Lulus Verifikasi Dewan Pers No.126/DP-Terverifikasi/K/X/2017

Hamburger al Tartufo Jadi Burger Termahal di Dunia
Oleh : dd/dtf
Rabu | 14-11-2012 | 17:00 WIB

CALIFORNIA, batamtoday - Jamur white truffle biasa dipakai dalam aneka hidangan. Tapi, bagaimana dengan hamburger yang hampir seluruh elemennya memakai white truffle serti Burger al Tartufo ini? Burger ini berhasil meraih predikat hamburger termahal di dunia. 


Jika hidangan ini terlihat biasa, jangan tertipu. Karena satu hamburger ini harganya sekitar Rp 4.807.000. Hamburger mewah ini berasal dari Restoran Oliverio di Hotel Avalon, Beverly Hills, California. 

Hamburger al Tartufo diciptakan untuk merayakan musim jamur white truffle. Hamburger ini terdiri dari daging hamburger yang terbuat dari 400 gram daging sapi Kobe yang disiram dengan white truffle bercampur keju. Diatasnya, diberikan lagi 70 gram jamur white truffle yang diserut. 

Truffle sendiri dikelompokan kedalam spesies jamur yang ditemukan dibawah tanah. Salah satu jenis yang paling langka adalah White Truffle yang hanya tersedia dalam jangka waktu beberapa bulan dalam setahun. White truffle banyak ditemukan di area Langhe dan Montferrat di wilayah Piedmont, Italia Selatan.

Jamur ini umumnya berbentuk oval seperti kentang dan mempunyai warna luar putih kekuningan. Jenis truffle termahal ini juga mempunyai aroma khas bawang putih dan lada.

Karena harga burger al Tartufo ini sangat mahal, restoran mengharuskan para pelanggan yang ingin membeli untuk memesan dan membayar terlebih dahulu 2 hari sebelumnya. Harga burger yang mencapai Rp 4. 807.000 ini secara langsung menggeser posisi hamburger termahal sebelumnya. 

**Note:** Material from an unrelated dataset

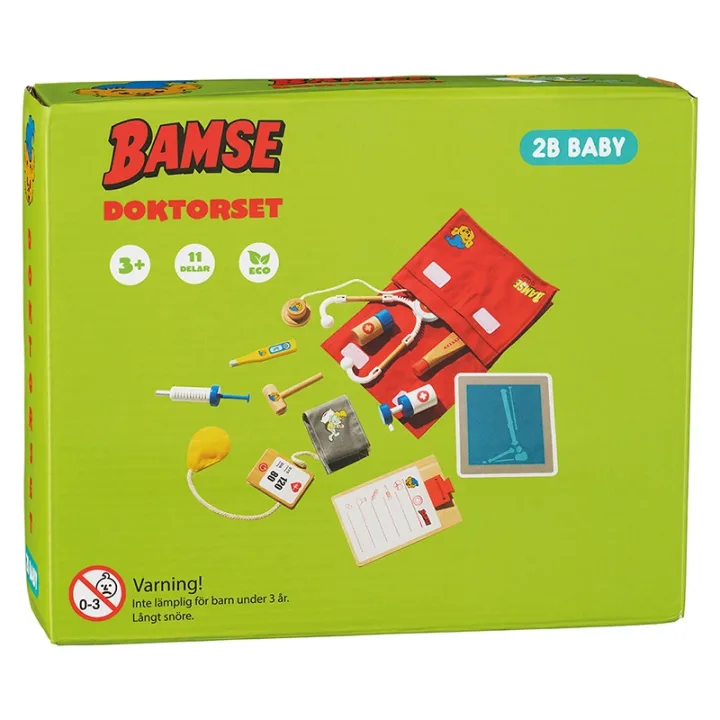 2B Baby Bamse Doktorset i Trä är en rolig doktorsväska med massor av tillbehör. Setet innehåller alla tillbehör som behövs för att kunna undersöka, st älla diagnos och ge behandling. Leksakssetet består av 11 delar inklusive tygväska med olika medicinska leksaksredskap. Från 3 år. Innehåll: stetoskop, termometer, reflexhammare, blodtrycksmätare, utdragbar spruta, pumpburk, pillerburk, salva, röntgenbild, rapportkort och förvaringsväska.

Sebelumnya, yang menduduki posisi burger termahal di dunia adalah Le Burger Extravagant  dari restoran Serendipity 3. Burger tersebut memadukan white dan black truffle, caviar, dan keju berumur 18 bulan. Yang menjadi sentuhan terakhirnya adalah tusuk gigi emas murni dan berlian bentuk Fleur de Lis. 

Le Burger Extravagant dihargai $295 atau sekitar Rp 2,8 juta. Alasan mengapa hamburger ini mahal karena hasil penjualan didonasikan ke the Bowery Mission, sebuah tempat penampungan orang tunawisma di New York. Sementara restoran Oliverio menyatakan pada Huffington Post (14/11/2012) bahwa burger yang mereka ciptakan sangat mahal dikarenakan bahan yang dipakai sangat jarang dan hanya keluar di musim tertentu.